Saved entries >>
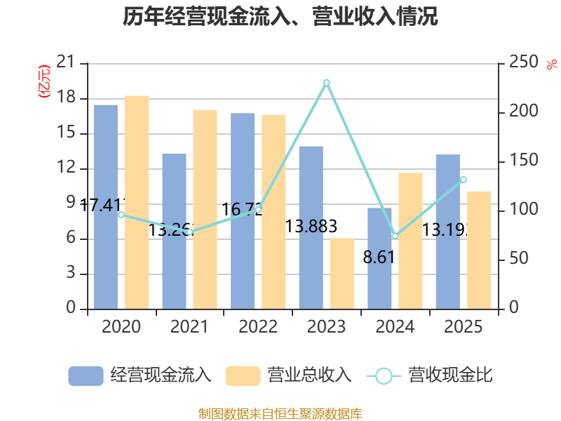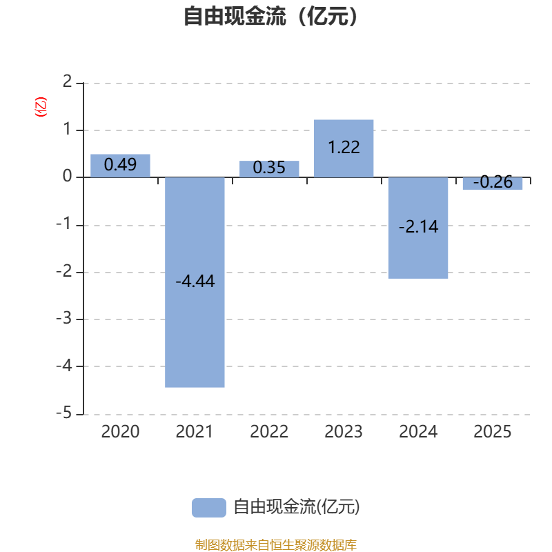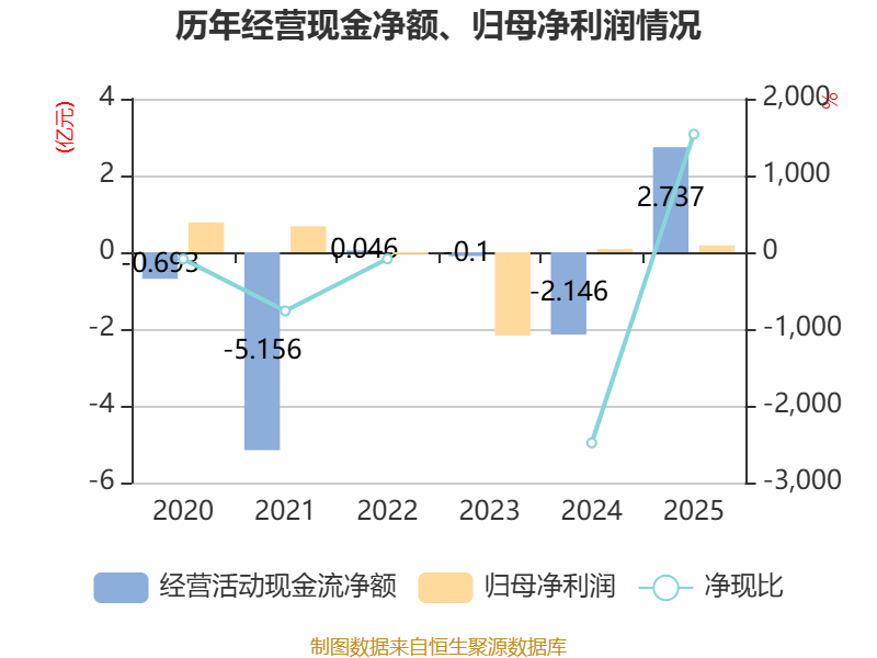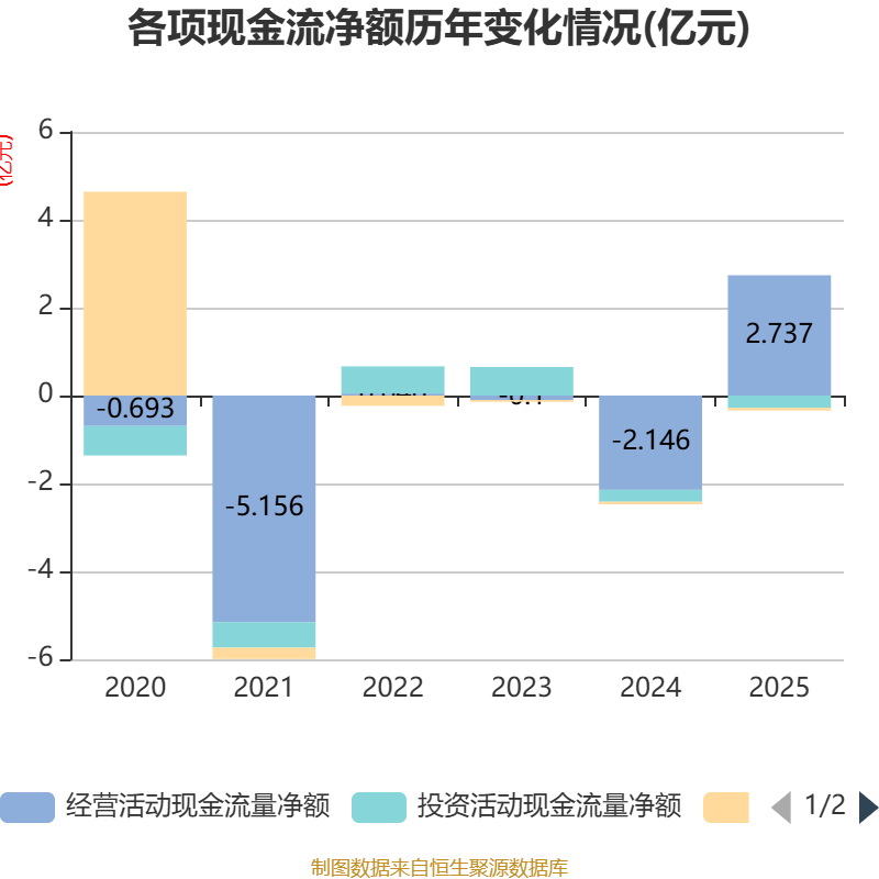 截至2025年,公司经营活动现金流净额为2.74亿元,同比增加4.88亿元;筹资活动现金流净额-621.35万元,同比减少53.48万元;投资活动现金流净额-2807万元,上年同期为-2705.48万元。
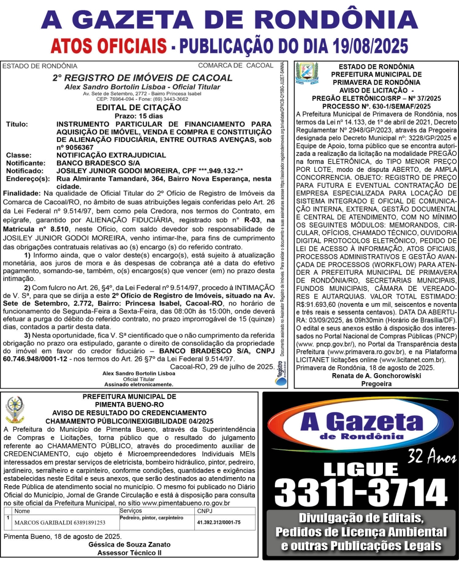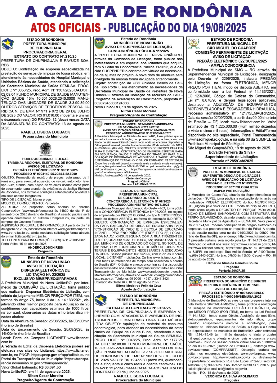 A GAZETA DE RONDÔNIA ATOS OFICIAIS PUBLICAÇÃO DO DIA 19/08/2025
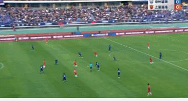 第45分鐘,奧斯卡挑傳,滄州後衛楊雲解圍失誤,武磊轉身凌空抽射破門,上海海港取得1-0領先。
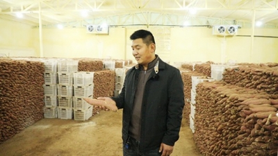 在我县徐沟镇杜村,有一座占地面积达4万立方米的冷库。在这座冷库中,一颗颗形态规整、大小相仿的红薯被精心地码放成一座粉红色的“山峦”,其表皮光鲜亮丽,色泽分外诱人。此时,农场主亢小强正忙得不亦乐乎,他随手拿起一颗硕大的红薯热情地介绍道:“看,这是我们精心培育的普薯32号,也叫‘西瓜红’,煮熟后口感无筋无丝,软糯香甜,是烤红薯中的佼佼者,深受消费者喜爱。而在另一边堆放的秦薯5号等,也是我们引进的新品种。”
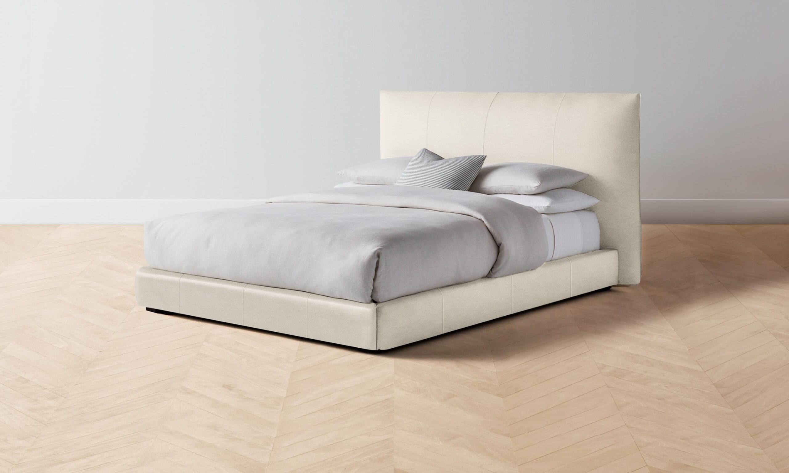 The Wythe bed achieves a perfect balance of ease and sophistication. It features a laid-back, low profile and extended headboard traced with flange seams.
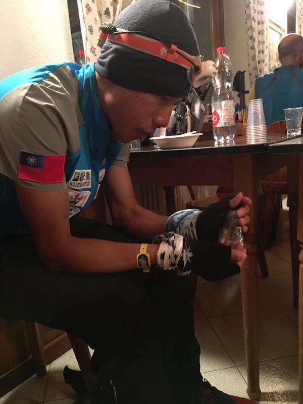 他沿路看著有人失溫,有人摔落山谷跌斷腿,立刻被直昇機載走,自己的頭也開始暈眩、身體發冷、血糖越降越低,「我知道可能會暈倒,但是已經要到終點了啊!」他只好拿出身上所有的食物,統統塞進嘴巴,但比賽後期,他已經痛到每走一步就要一句吶喊…
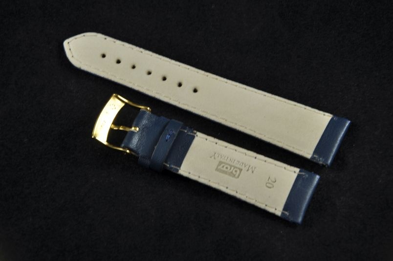 Oryginalny pasek włoskiej firmy Bros. Wykonany z naturalnej skóry. Matowy, gładki. Przeszywany nicią w kolorze paska. Pogrubiany przy zegarku do 5mm, przy zapięciu 4mm grubości. Podwójna szlufka, stalowa klamerka.
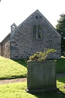 The church is built from rubble masonry, dressed with sandstone, and measures 47 by 14 feet (14.3 by 4.3 m).[3][8] The entrance is at the west end of the north wall. The roof, which is made from slate, has a bellcote with one bell at the west end. The inscription on the bell states that it was cast in 1582, and the bell is also marked with a fleur-de-lys and the thrice-repeated initials "AMN".[3]
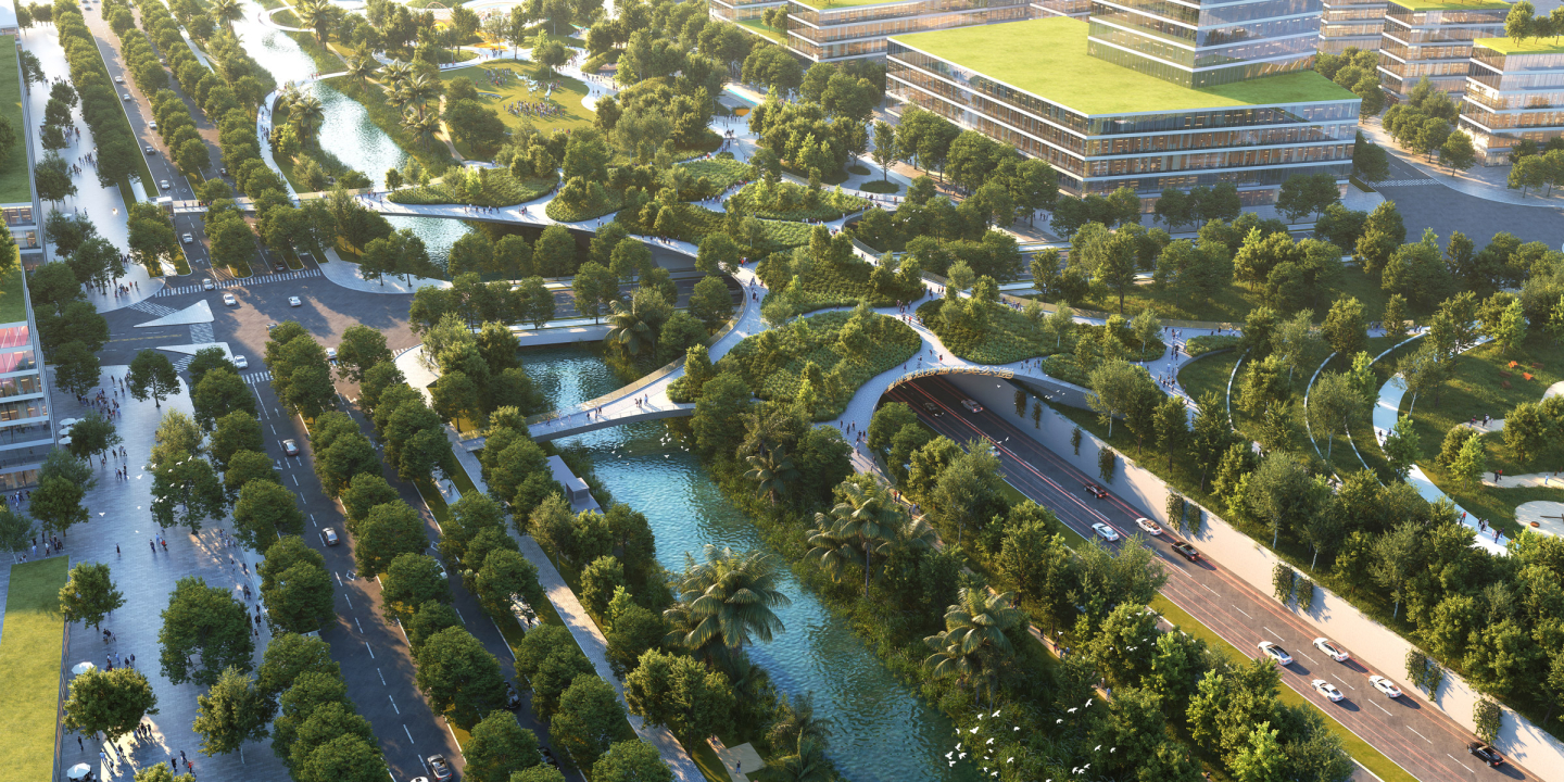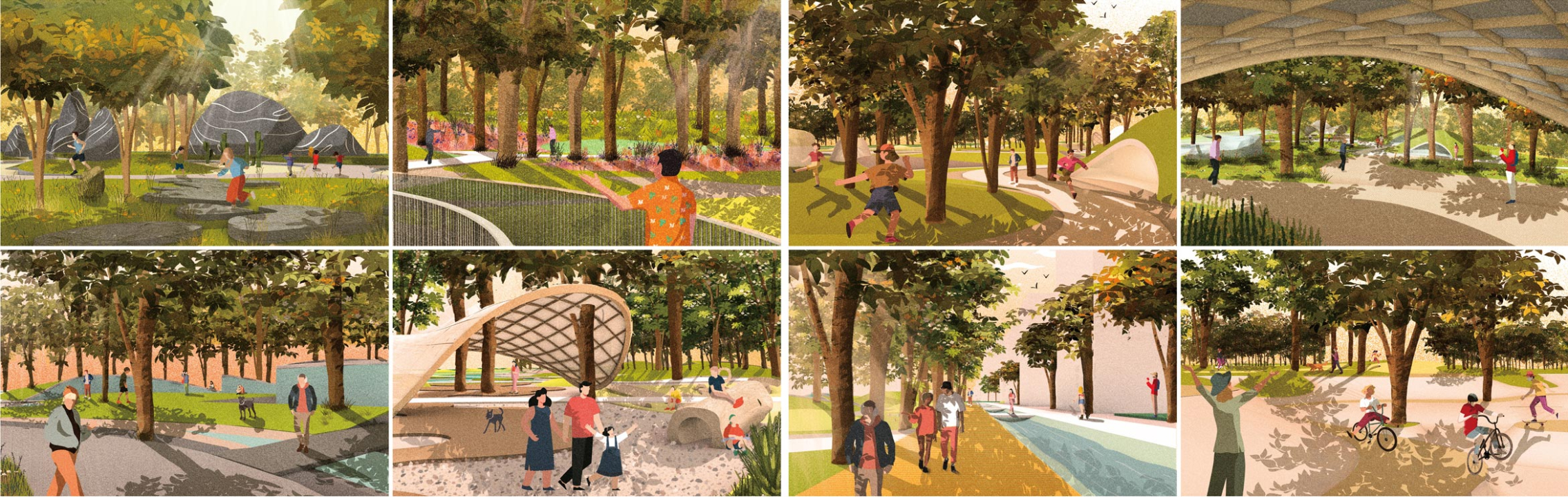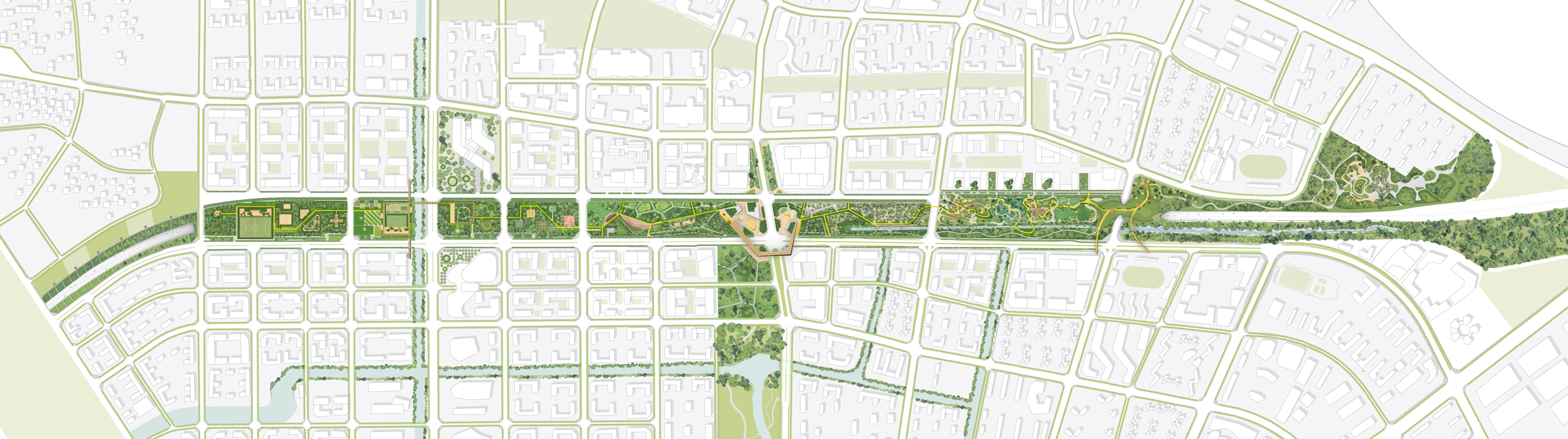 The eastern segment extends the surrounding natural mountain landforms into the city, and brings the surrounding communities and schools together to create a large-scale outdoor playground with an adventurous variety, and natural quality. At the end of the park the highway is covered with a large land bridge, that combines migrating routes for small animals and people. It is combined with the ‘ecological canopy plan’, maximizing
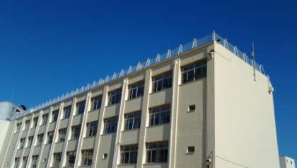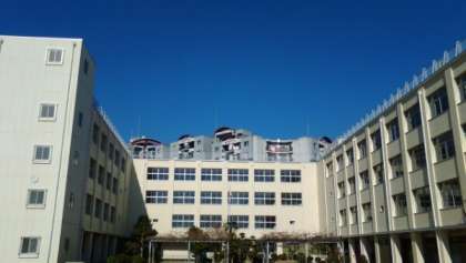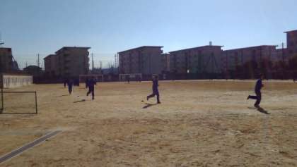 今日は青空が広がっています。8月から行ってきた校舎の壁面改修工事が完了しました。真っ青な空と明るい太陽に校舎が映えています。グランドでは、3年生男子が体育で長距離走を行っています。
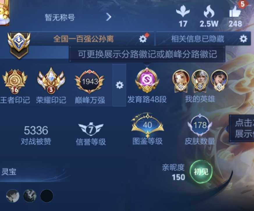 本周在榜国服100强公孙离⭐巅峰万强闪电框❤️历史国服鲁班国服嬴政❤️掉信誉分永久拉黑
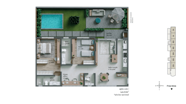 O estilo Garden é um conceito que traz o melhor da natureza diretamente para dentro de casa. Com um jardim privativo, o apartamento oferece um espaço exclusivo para relaxamento, onde você pode criar seu próprio refúgio. Com amplas janelas e portas de vidro, a conexão com o exterior e a iluminação natural são privilegiadas, proporcionando um ambiente acolhedor e tranquilo. Perfeito para quem deseja mais privacidade, contato com a natureza e momentos de paz sem sair de casa.

Problem to work on >>
Using the records above, repeat exactly the run of lines that starts with the line with "The eastern segment" and goes on through the line with "本周在榜国服100强公孙离⭐"; omit each picture.

Output >>
 The eastern segment extends the surrounding natural mountain landforms into the city, and brings the surrounding communities and schools together to create a large-scale outdoor playground with an adventurous variety, and natural quality. At the end of the park the highway is covered with a large land bridge, that combines migrating routes for small animals and people. It is combined with the ‘ecological canopy plan’, maximizing
 今日は青空が広がっています。8月から行ってきた校舎の壁面改修工事が完了しました。真っ青な空と明るい太陽に校舎が映えています。グランドでは、3年生男子が体育で長距離走を行っています。
 本周在榜国服100强公孙离⭐巅峰万强闪电框❤️历史国服鲁班国服嬴政❤️掉信誉分永久拉黑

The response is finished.